On 6/7/2004 2:33 PM, Jeff Davis wrote:

On Mon, 2004-06-07 at 06:20, Jan Wieck wrote:
I tend to agree with you that spurious SYNC's aren't the end of the world. The idea of using notify to tell the syncThread somthing happened is probably the right way to do it, but at this time a little invasive. We need more time to investigate how to avoid notice storms during high update activity on the master.


There was discussion a while back about improving notify, and one suggestion was to make it use shared memory so no disk writes are involved (I believe the current implementation uses a table somehow). If that was implemented, than we would have no problem with a notice storm, right? It wouldn't use much shared memory since the slon daemon can retrieve the notices just as fast as the backend can send them, right?

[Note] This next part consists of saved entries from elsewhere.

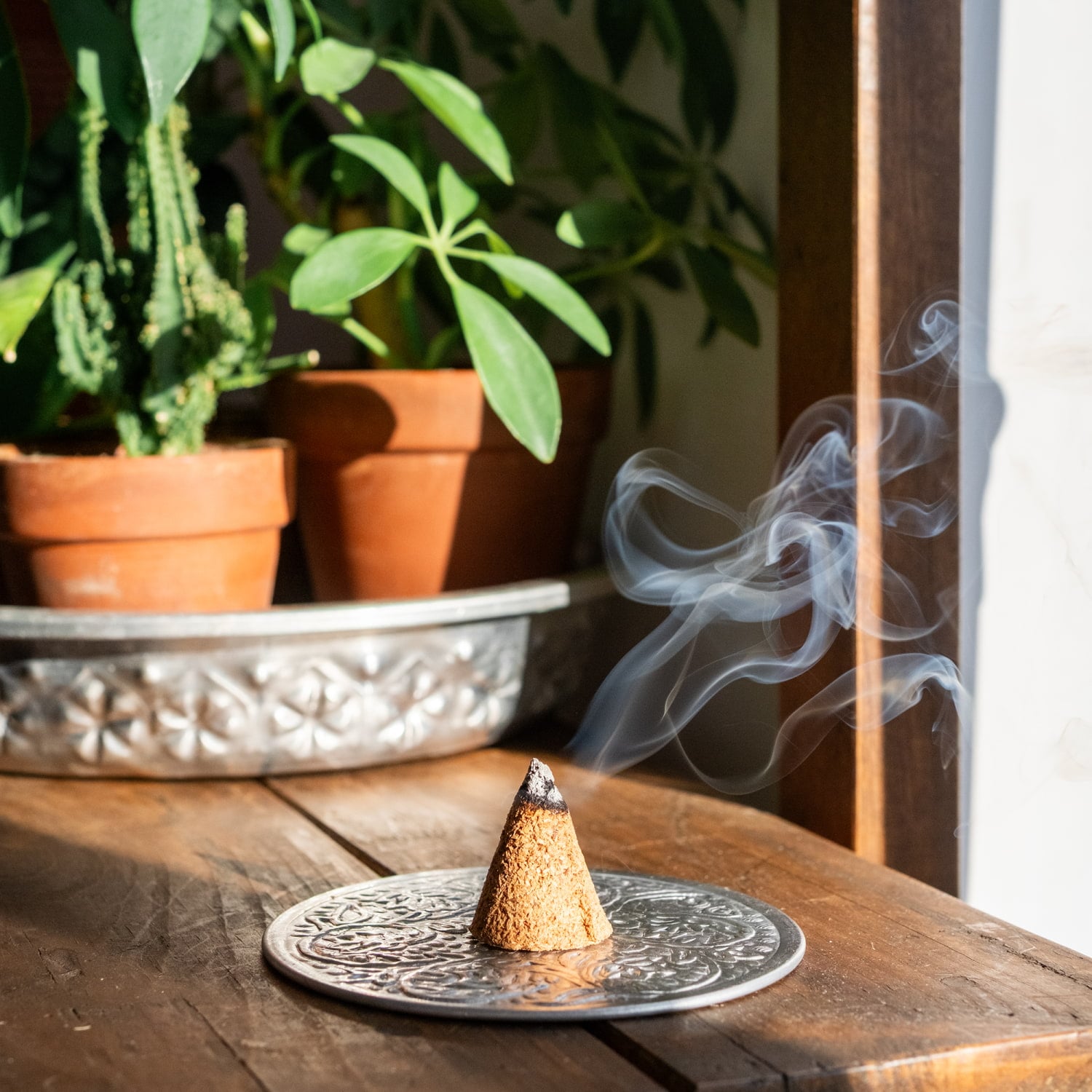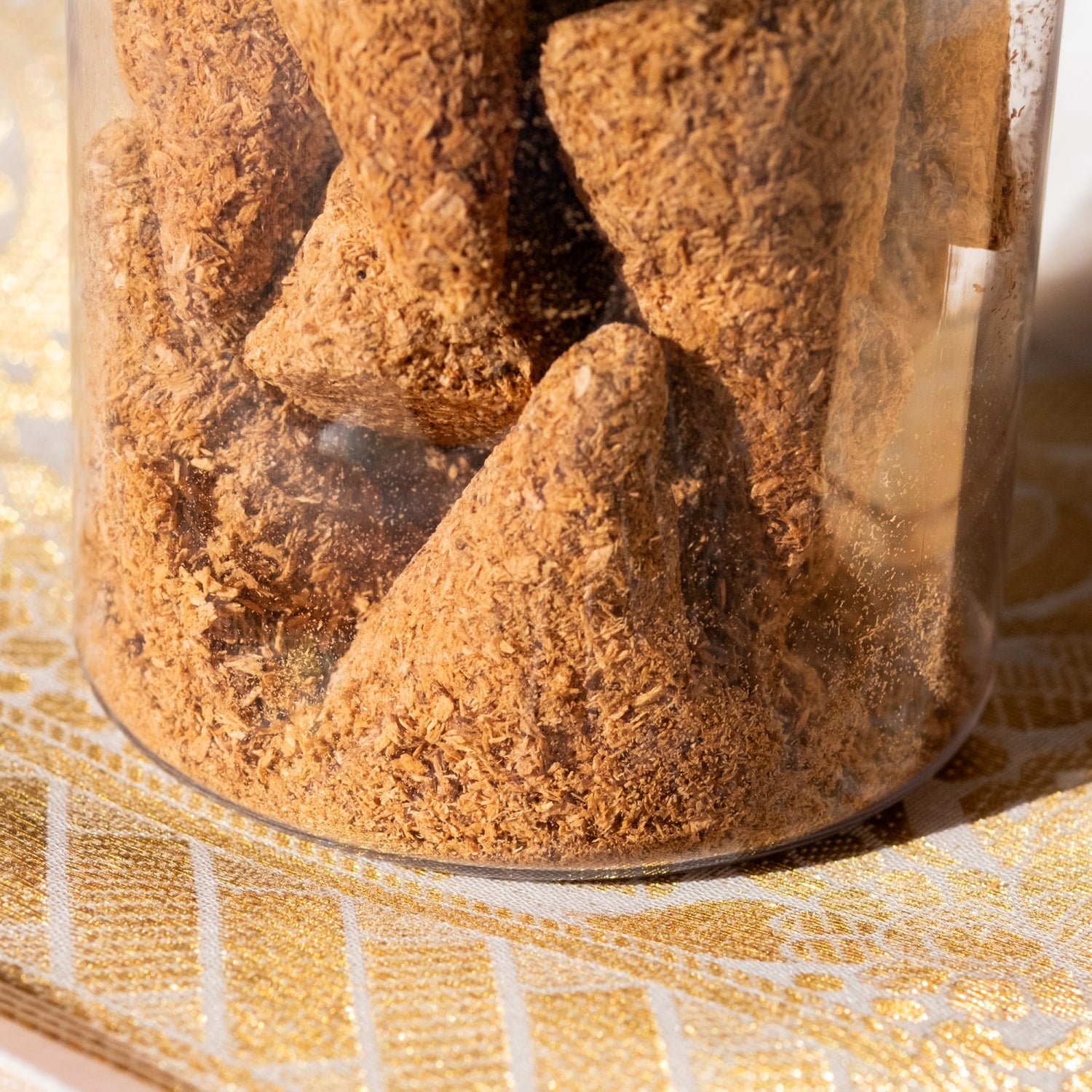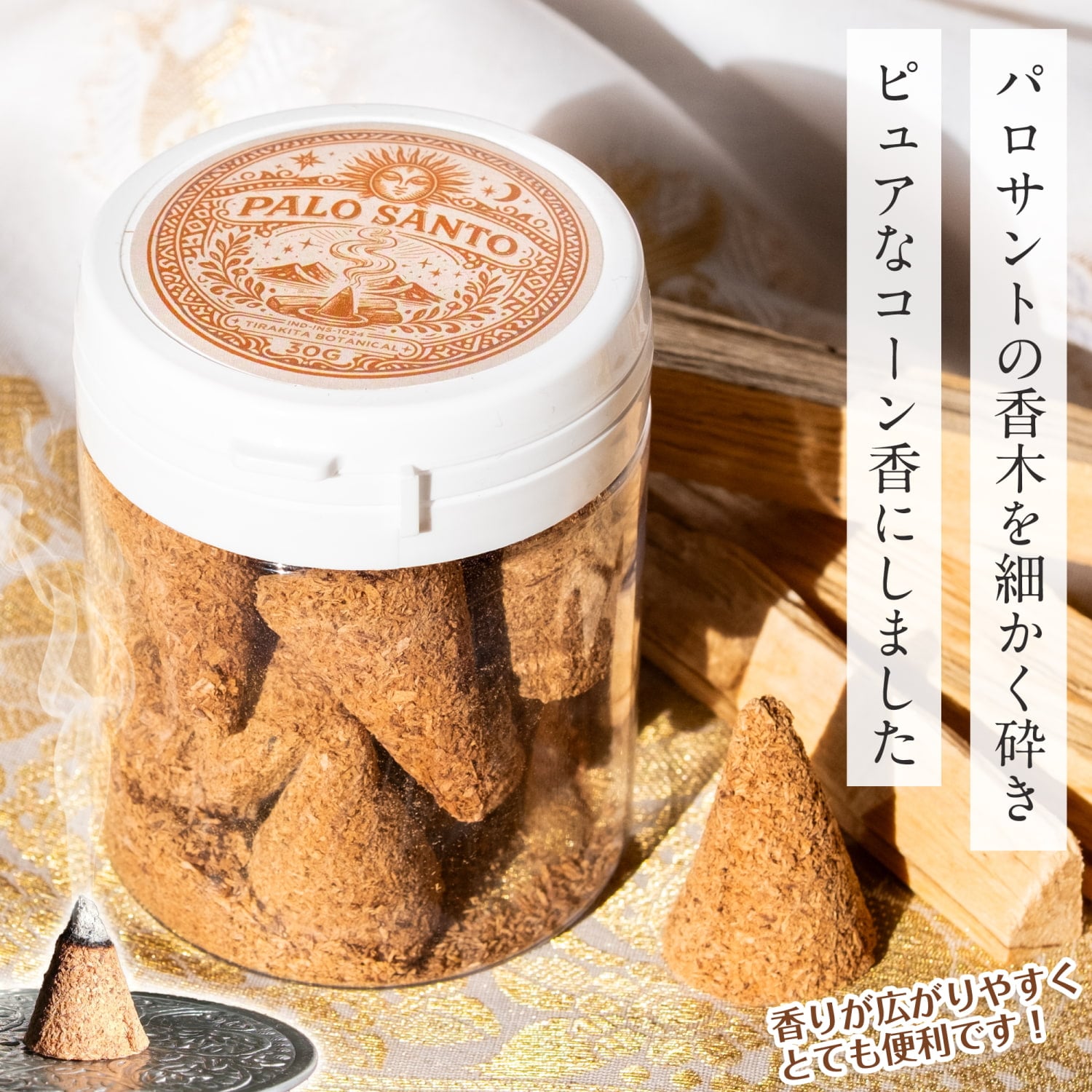 こちらはパロサントの香木を細かくして、圧着して作られているコーン香です。パロサント系のお香というのはインドでもよくありますが、あくまでパロサントを素材の一部として使っていたり、香りのコンセプトとしている物となります。一方でこちらのコーン香は、パロサントの香木のみを素材としているので、純粋なパロサントそのもの。火を付けると、パロサントのとてもピュアな香りがします。スティック状の香木と異なり、既存のコーン香用のお香たてやお皿が使え、燃焼し易く香りが良く広がります。
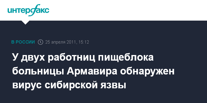Краснодар. 25 апреля. INTERFAX.RU - У двух работниц пищеблока городской больницы Армавира подтвердился диагноз "сибирская язва", сообщили агентству "Интерфакс-Юг" в пресс-службе управления МЧС РФ по Краснодарскому краю.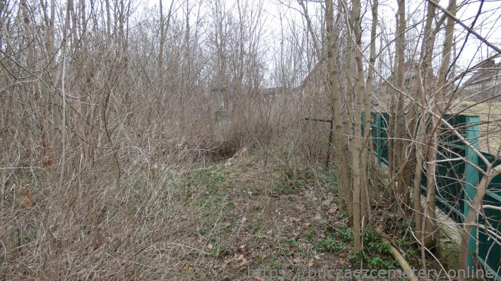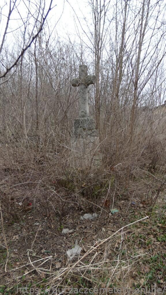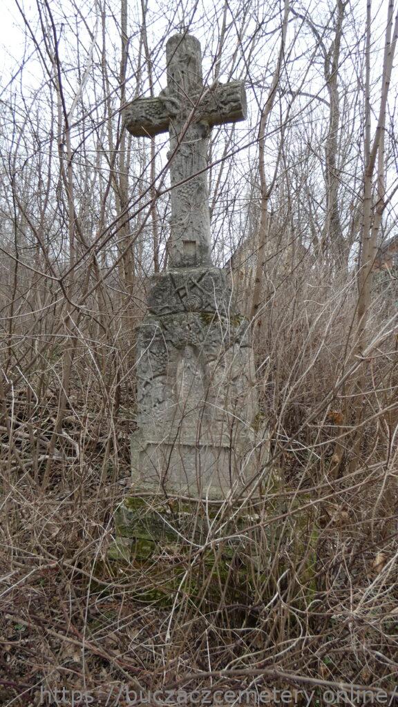 Місце поховання позначено хрестом, стилізованим під стовбур дерева, на двоступеневому постаменті у вигляді скель і двоступеневої основи. Хрест на постаменті, що імітує кам’яні тесані. Через перехрестя гербів, прикрашених барельєфними гілками винограду та дубовим листям, звисає терновий вінок, внизу — порожнє прямокутне місце для фотографії. Перша і друга сходинки основи зернені. На лицьовій стороні першої сходинки цоколя вміщено панель із гравійованого рамкою з чверть кругло зрізаними верхніми кутами, всередині якої є гравійований напис. На другій сходинці цоколя спереду розташована ніша, закрита суцільною аркою, обрамлена барельєфною виноградною лозою. На ній рельєфна фігура Матері Божої Розарію зображена фронтально, з вервицею, що висить над її правою рукою, і її руки складені в молитовному жесті. У фаті, плащі та довгій сукні.

Keep in mind that for the time being, one of the important features of Slony-I is the ability to replicate from a 7.3.x to anything >7.3.x. You sure don't want to cripple that functionality by heavily depending on features fixed or significantly improved for 7.5.



Backtracking a little, I'm still wondering how exactly a replicated sequence is supposed to behave, do you have some comments about that? I don't understand exactly why it's useful.

At the moment the origin of a set discovers that there has been update activity, it generates the SYNC event and records all sequences last_values. At that time, a sequence can possibly be incremented again by a not yet committed transaction, so it might be recorded with a higher number than a max() query over the tables would show. When a subscriber applies the SYNC event, it also calls setval() with those recorded values. So on the replica the sequence number is adjusted up just before the SYNC event occupying those numbers commits.


This means, that in the case of a failover, the sequences might show a gap. This is absolutely in accordance to PostgreSQL's sequence handling which cannot guarantee gap free sequences in the case of server crashes or other transaction rollback reasons.